Há muito se vem chamando a atenção para a existência de


analogias múltiplas e estreitas, perceptíveis entre as culturas da América
pré-colombiana de todas as regiões. A arqueóloga Laurette Séjourné,
depois de apontar diferenças e especificidades, conclui pela existência,
em todo o continente, de uma base cultural comum tão ampla que faz
pensar numa origem única. Não é difícil apontar numerosos traços
similares entre a Mesoamérica e a Zona Andina Central em matéria de
política e religião, mesmo sendo verdade que, até onde se sabe, estas
duas grandes zonas culturais se ignoravam na época da conquista
espanhola.
No interior da Mesoamérica avançou-se muito na compreensão
dos mecanismos que explicam uma homogeneidade básica de suas
civilizações. O conceito de “Mesoamérica” foi utilizado pela primeira vez
pelo antropólogo Paul Kirchhoff, em 1943, para referir-se às antigas
civilizações que habitavam, em tempos pré-hispânicos, a região que vai
desde o centro de Honduras e o noroeste da Costa Rica até o México,
tendo como limites os Estados de Taumalipas e Sinaloa e de uma a outra
costa marítima. Kirchhoff definiu um conjunto de características culturais
fundamentais que eram partilhadas por diversos povos que habitavam
essa região, ligando-os a uma grande família cultural e histórica, a
despeito da série de particularidades locais que os distinguiam entre si.

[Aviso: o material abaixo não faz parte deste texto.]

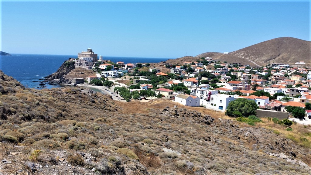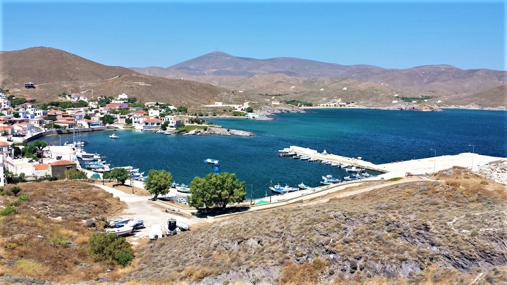 Πανοραμική άποψη της γραφικής πολιτειούλας των Ψαρών και του λιμανιού από το ύψωμα της Μαύρης Ράχης.
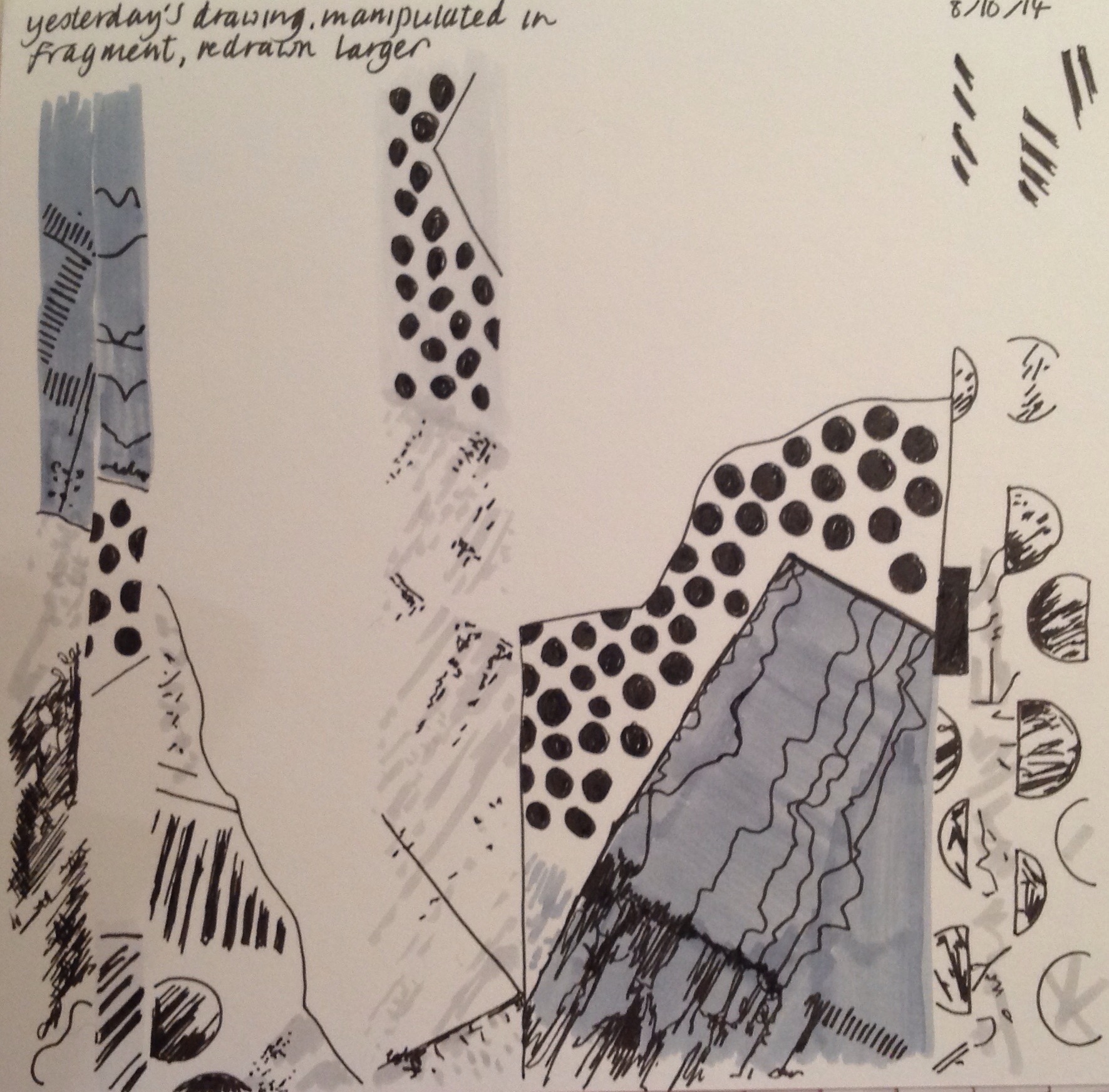 Getting more abstract – Yesterday’s drawing, put through the Fragment app, then magnified and redrawn.

Segundo Kirchhoff, a relativa homogeneização cultural
mesoamericana perpassava características como: a utilização de um
bastão de madeira com a ponta afiada e endurecida no fogo para se
plantar (coa); o cultivo do milho como base de alimentação; a produção
de papel e de pulque com o agave; a utilização de práticas de
autoflagelação e de sacrifícios humanos com finalidades religiosas; o
cultivo do cacau; a construção de pirâmides escalonadas; a prática do
jogo de pelota e a produção de armas de madeira com bordas de
lâminas de pedra, principalmente obsidiana e sílex.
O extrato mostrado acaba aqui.